TASK INSTRUCTIONS — Reproduce, character for character, the lines below from the first through the one with "Remarques concernant la". Leave pictures out.

Source data:
========================

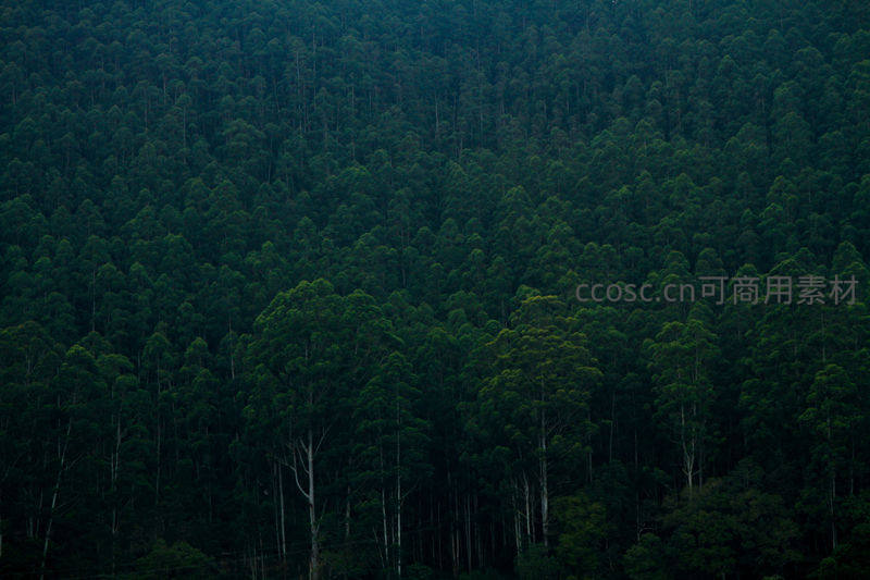 浓密的深绿色树林覆盖山坡,光影交错间透出静谧与神秘,仿佛置身于未被打扰的原始森林深处,感受自然的沉稳与力量。
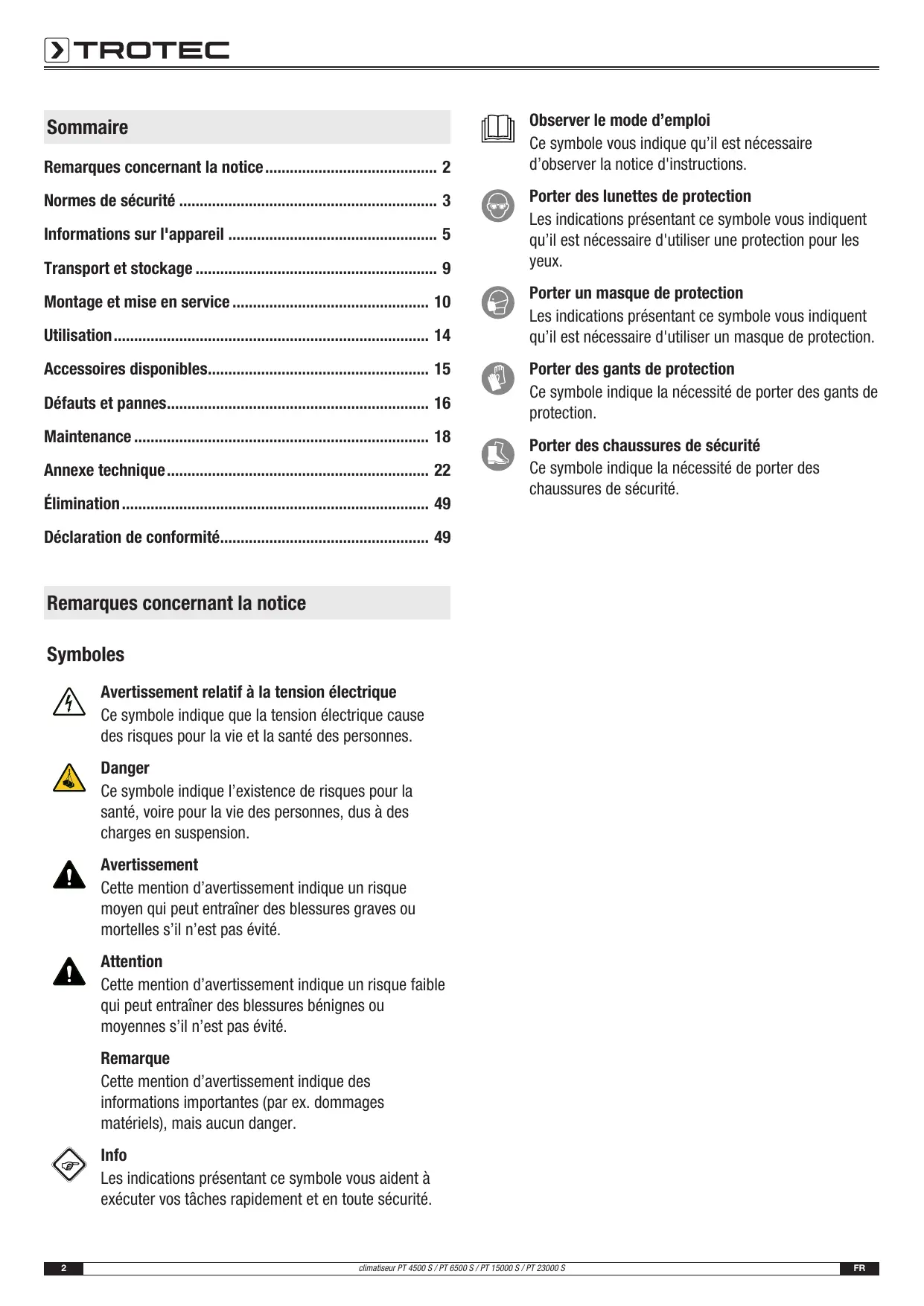 Remarques concernant la notice 2 Normes de sécurité 3 Informations sur l'appareil 5 Transport et stockage 9 Montage et mise en service 10 Utilisation 14 Accessoires disponibles 15 Défauts et pannes 16 Maintenance 18 Annexe technique 22 Élimination 49 Déclaration de conformité 49
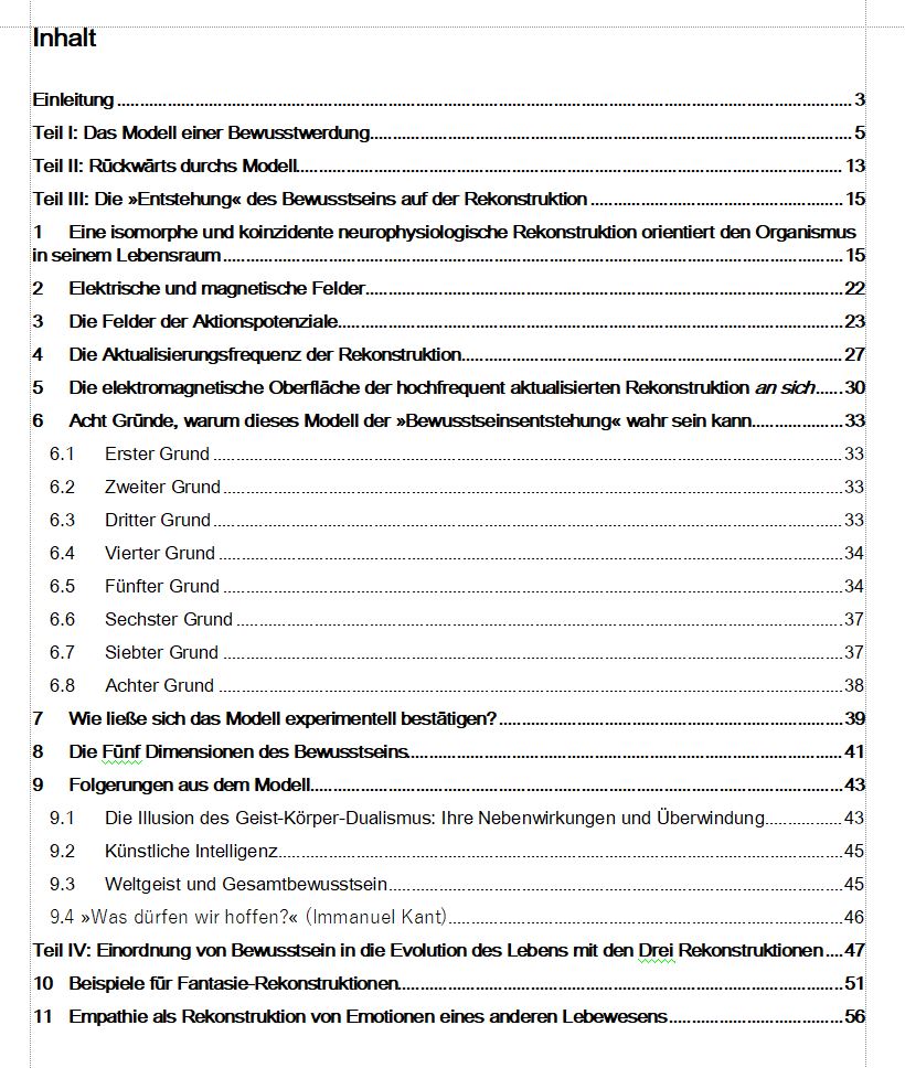 Die Argumentation kreist um den Begriff »Rekonstruktion«. Daher wird die neurophysiologische Rekonstruktion der Außenwelt, welche die »Grundlage« von Bewusstsein ist, in ▶ Teil IV in den großen Gesamtzusammenhang der »Evolution in Drei Rekonstruktionen« gestellt. – Dahingegen findet eine Einordnung in die Geistesgeschichte (philosophische Erkenntnistheorie) ebenso wenig statt wie eine Verankerung in der aktuellen, einschlägigen Literatur zum Thema »Bewusstsein« bzw. in die Neurowissenschaften. – Provokant formuliert:
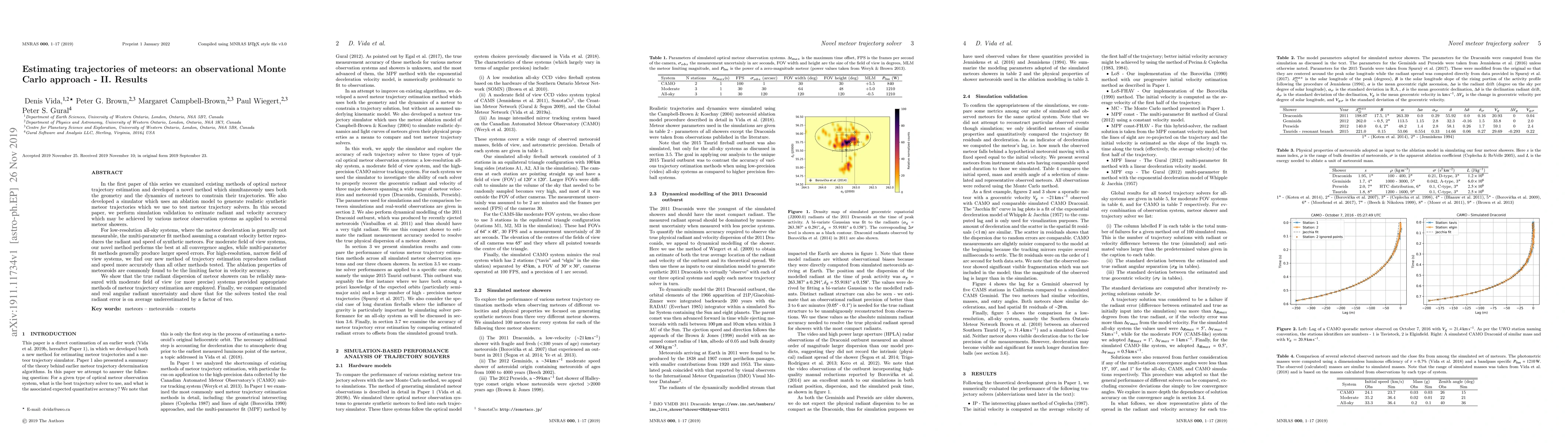 In the first paper of this series we examined existing methods of optical meteor trajectory estimation and developed a novel method which simultaneously uses both the geometry and the dynamics of meteors to constrain their trajectories. We also developed a simulator which uses an ablation model to generate realistic synthetic meteor trajectories which we use to test meteor trajectory solvers. In this second paper, we perform simulation validation to estimate radiant and velocity accuracy which may be achieved by various meteor observation systems as applied to several meteor showers. For low-resolution all-sky systems, where the meteor deceleration is generally not measurable, the multi-parameter fit method assuming a constant velocity better reproduces the radiant and speed of synthetic meteors. For moderate field of view systems, our novel method performs the best at all convergence angles, while multi-parameter fit methods generally produce larger speed errors. For high-resolution, narrow field of view systems, we find our new method of trajectory estimation reproduces radiant and speed more accurately than all other methods tested. The ablation properties of meteoroids are commonly found to be the limiting factor in velocity accuracy. We show that the true radiant dispersion of meteor showers can be reliably measured with moderate field of view (or more precise) systems provided appropriate methods of meteor trajectory estimation are employed. Finally, we compare estimated and real angular radiant uncertainty and show that for the solvers tested the real radiant error is on average underestimated by a factor of two.
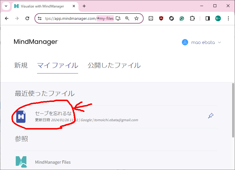https://app.mindmanager.com/ と入力(#my-filesはつけない)
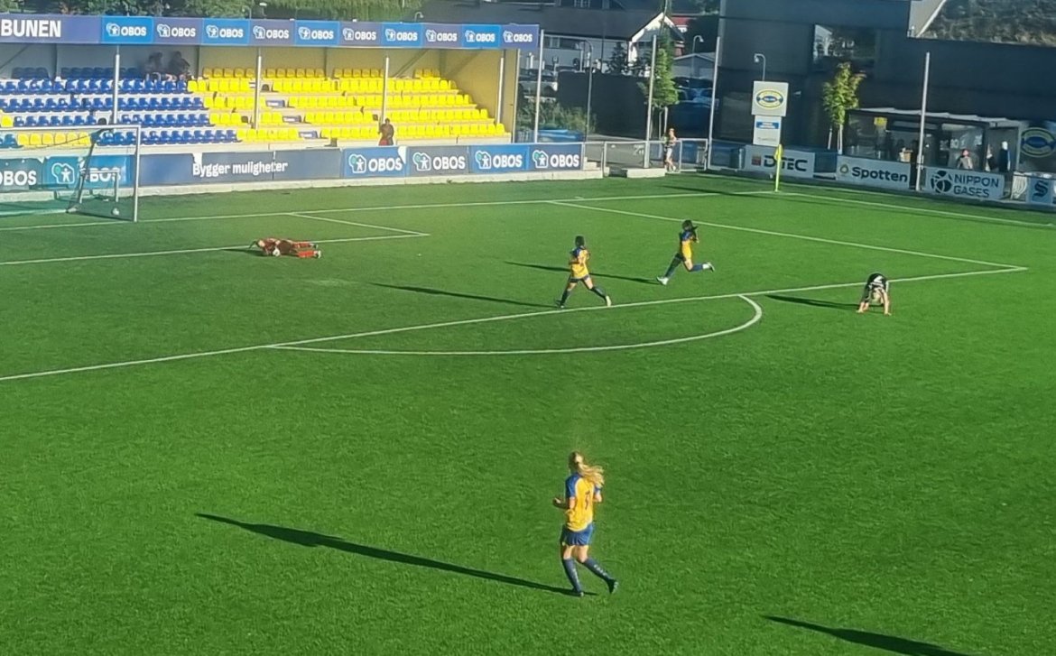 Det tar ikke mer enn tre minutter inn i første omgang før det glipper for damene og det blir en liten kalddusj i det ellers varme været. Med sterk sol i fleisen slipper vi inn på et halvdårlig innlegg og en svak heading. En vanligvis linjesterk Christina når ikke bort til headingen som spretter inn i hjørnet, og laget får en liten støkk som varer i ca. ti minutter. Deretter skaper vi mer enn nok sjanser til å utlikne ved å være alene med keeper opptil flere ganger, men det vil seg ikke denne dagen. Treneren blir stående og klø seg litt i hodet, hva er det som skjer? Er det et påbegynnende solstikk som har truffet troppen? Det er vanskelig å vite, men vi går til pause med et bra trykk som vi ønsker å opprettholde, og en følelse av at det kan skje noe i den neste omgangen.

========================

ANSWER BOX —
 浓密的深绿色树林覆盖山坡,光影交错间透出静谧与神秘,仿佛置身于未被打扰的原始森林深处,感受自然的沉稳与力量。
 Remarques concernant la notice 2 Normes de sécurité 3 Informations sur l'appareil 5 Transport et stockage 9 Montage et mise en service 10 Utilisation 14 Accessoires disponibles 15 Défauts et pannes 16 Maintenance 18 Annexe technique 22 Élimination 49 Déclaration de conformité 49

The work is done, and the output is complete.